→ **STORED DATA**
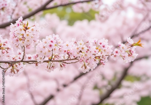 Branch of cherry blossoms, light pink petals, with blurred background creating soft, springtime mood
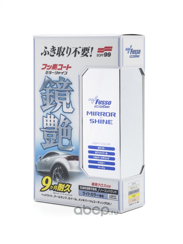 | SOFT99 | 00351 | Покрытие для кузова для усиления блеска Soft99 Fusso Mirror Shine 9 Months для светлых, 250 мл | ||
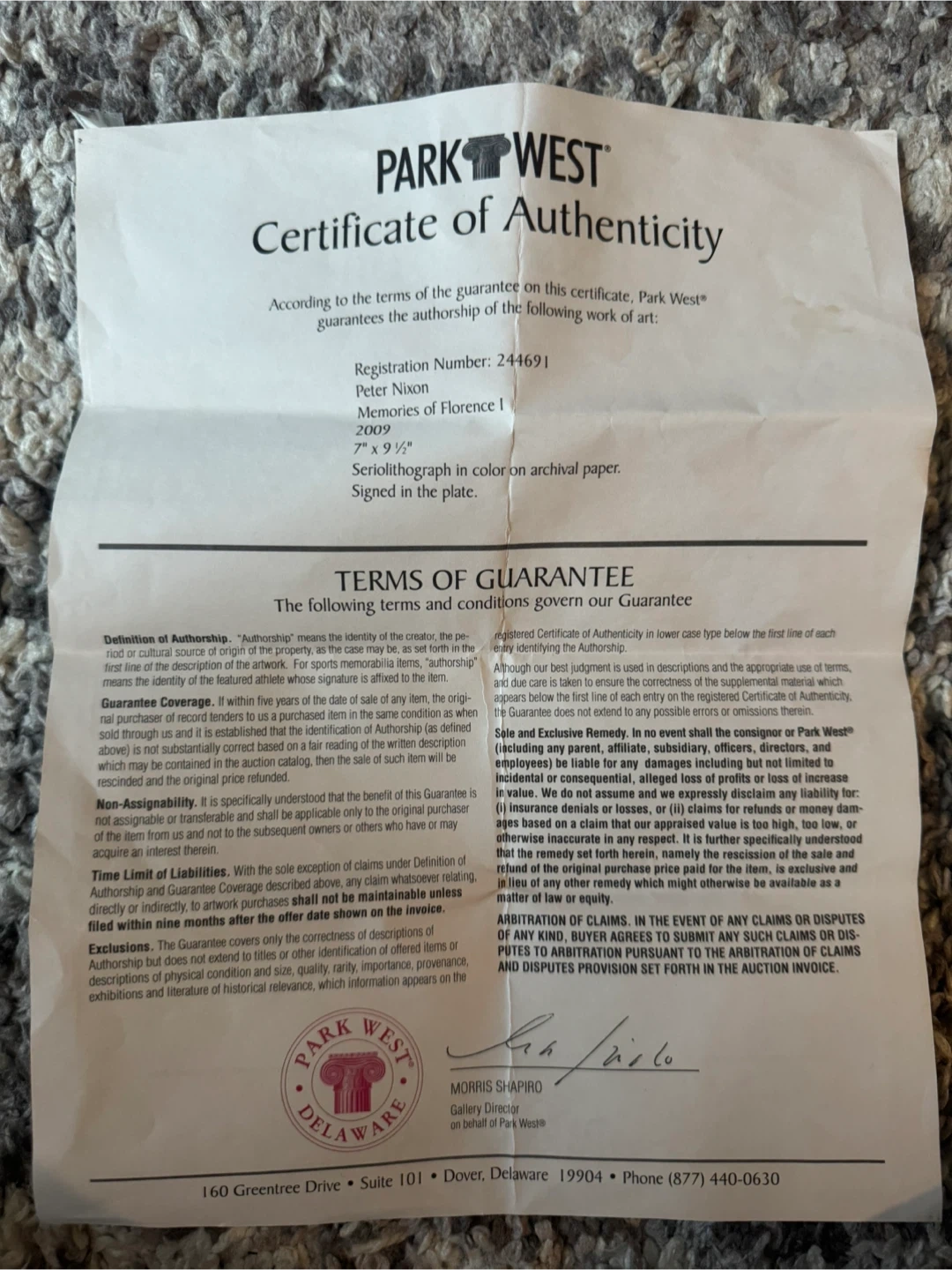 Comes with a Certificate of Authenticity
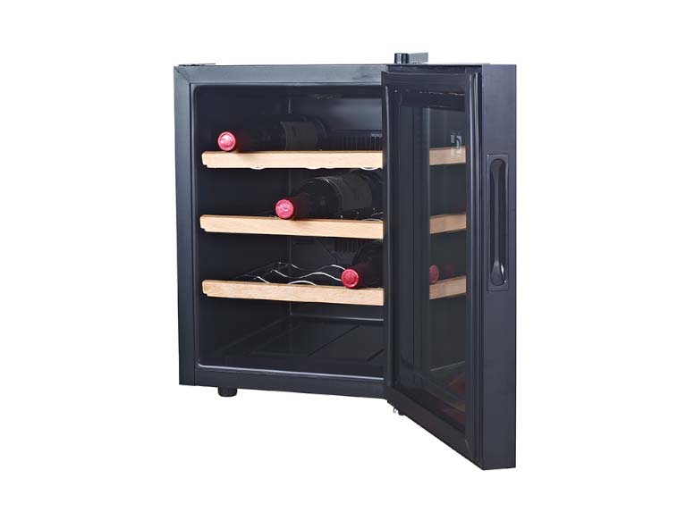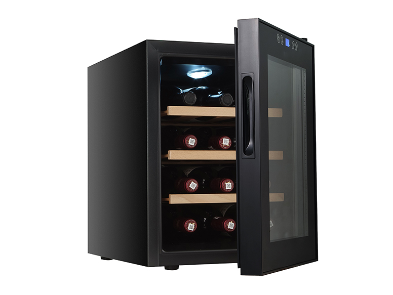 Wine cooler, thermoelectric cooling, 12 bottle capacity, Air cooling, compact size, table top, Ultra silent, Price cheap, single zone, Frost free, digital display, Gift of Choice

→ **WHAT YOU HAVE TO DO**
From the line containing "Comes with a Certificate of Authenticity" down to the last line of the data above, transcribe exactly those lines and no others; omit the pictures.

→ **ANSWER AREA**
 Comes with a Certificate of Authenticity
 Wine cooler, thermoelectric cooling, 12 bottle capacity, Air cooling, compact size, table top, Ultra silent, Price cheap, single zone, Frost free, digital display, Gift of Choice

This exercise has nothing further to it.